◆ Assignment ◆
Print only the lines running from the line with "CAUTION: The amplitude" to the final line below, both included, exactly as written and without the pictures.

◆ Collected data ◆

- Opening Delimiter -

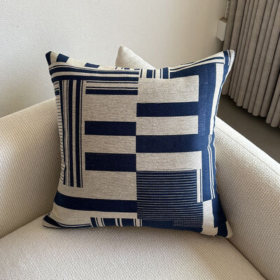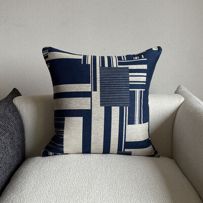 Introduce a bold visual statement to your space with this modern geometric throw pillow. Featuring an abstract arrangement of navy blue lines and shapes on a soft ivory base, this design adds a contemporary and artistic touch to any interior.
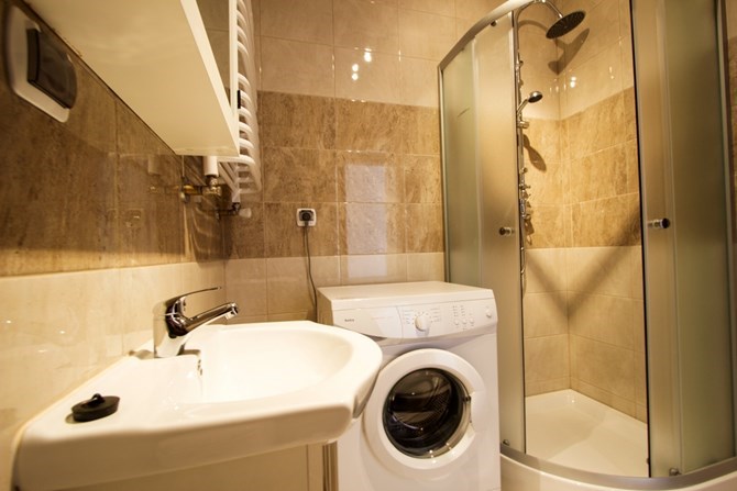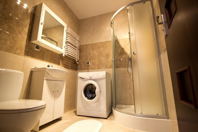Łazienka (razem z WC): kabina prysznicowa z deszczownią, pralka, kompakt WC, umywalka na szafce stojącej, szafka wisząca z lustrem.
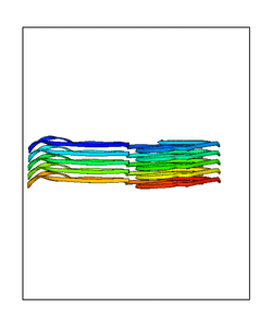 CAUTION: The amplitude range presented in these views corresponds to the highest (DQMAX) and lowest (DQMIN) perturbations chosen for this mode. Secondary structures can break down (and thus disappear from the animation) if the applied amplitudes are too large for Molscript to identify them. The choice of the amplitude is not a NMA result, but has to be done by the user on physical grounds. To change the amplitude range, you can recompute the animation of the desired mode by using the "Compute additional perturbed models with elNémo" section on the results page of your job.
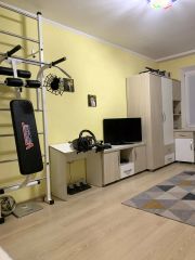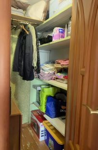 В прихожей предусмотрены вместительные шкафы для хранения вещей. В комнате есть гардеробная, что позволяет удобно организовать пространство.

- Closing Delimiter -

◆ Solution to this exercise ◆
 CAUTION: The amplitude range presented in these views corresponds to the highest (DQMAX) and lowest (DQMIN) perturbations chosen for this mode. Secondary structures can break down (and thus disappear from the animation) if the applied amplitudes are too large for Molscript to identify them. The choice of the amplitude is not a NMA result, but has to be done by the user on physical grounds. To change the amplitude range, you can recompute the animation of the desired mode by using the "Compute additional perturbed models with elNémo" section on the results page of your job.
 В прихожей предусмотрены вместительные шкафы для хранения вещей. В комнате есть гардеробная, что позволяет удобно организовать пространство.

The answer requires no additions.